# INSTRUCTIONS FOR THE TASK:
Only the lines from the one with "Apraksts Dvielis ar" to the end of the listing below should be set down, exactly as written and without any pictures.

-------- COLLECTED DATA --------

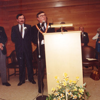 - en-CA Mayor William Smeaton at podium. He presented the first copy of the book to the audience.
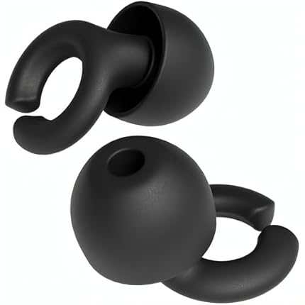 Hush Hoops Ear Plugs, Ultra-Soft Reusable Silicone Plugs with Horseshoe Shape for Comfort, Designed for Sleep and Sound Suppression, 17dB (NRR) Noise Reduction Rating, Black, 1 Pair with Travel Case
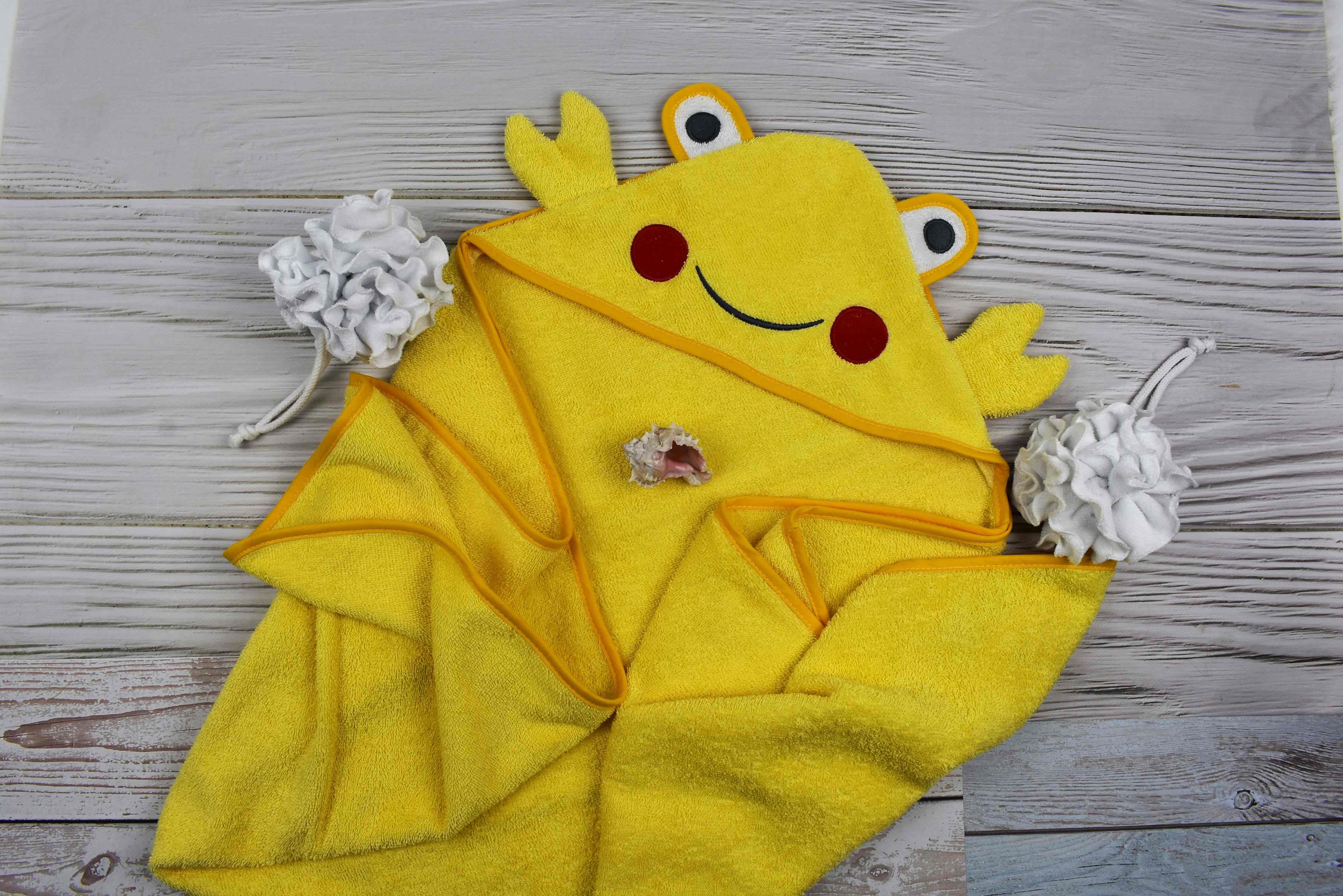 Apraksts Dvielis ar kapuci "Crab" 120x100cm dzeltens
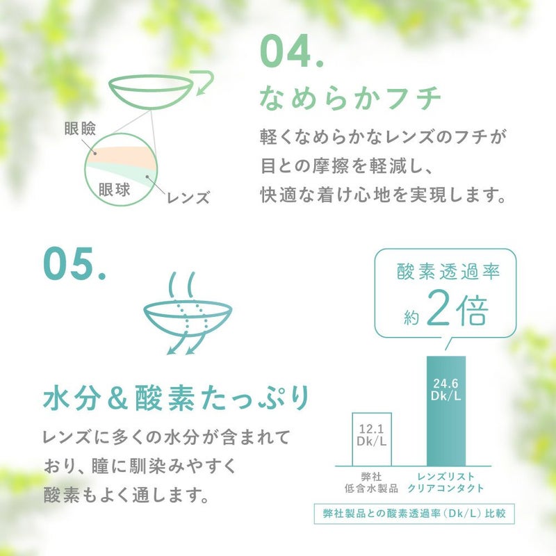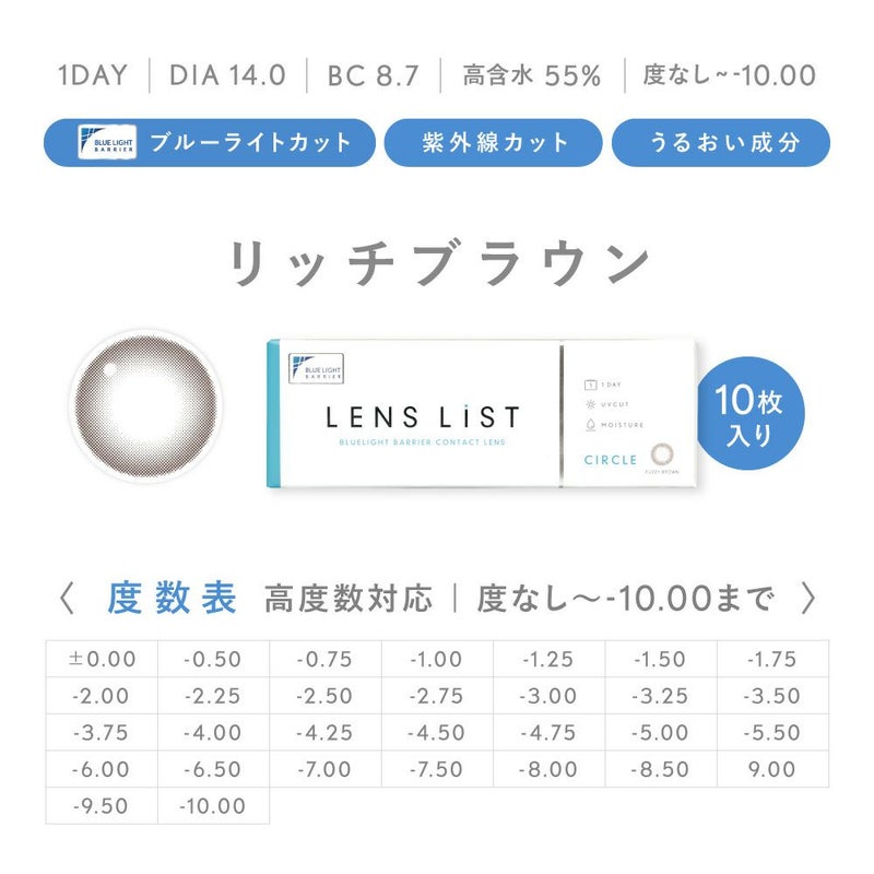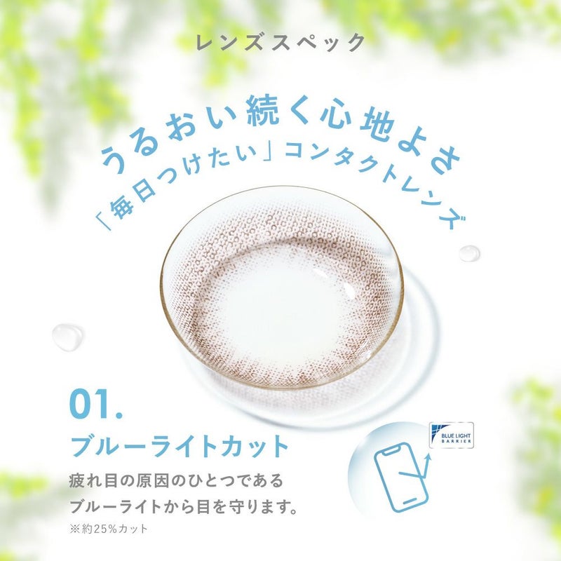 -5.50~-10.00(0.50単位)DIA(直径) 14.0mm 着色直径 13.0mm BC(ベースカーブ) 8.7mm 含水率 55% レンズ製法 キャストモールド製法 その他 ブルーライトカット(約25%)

--------

# RESPONSE:
 Apraksts Dvielis ar kapuci "Crab" 120x100cm dzeltens
 -5.50~-10.00(0.50単位)DIA(直径) 14.0mm 着色直径 13.0mm BC(ベースカーブ) 8.7mm 含水率 55% レンズ製法 キャストモールド製法 その他 ブルーライトカット(約25%)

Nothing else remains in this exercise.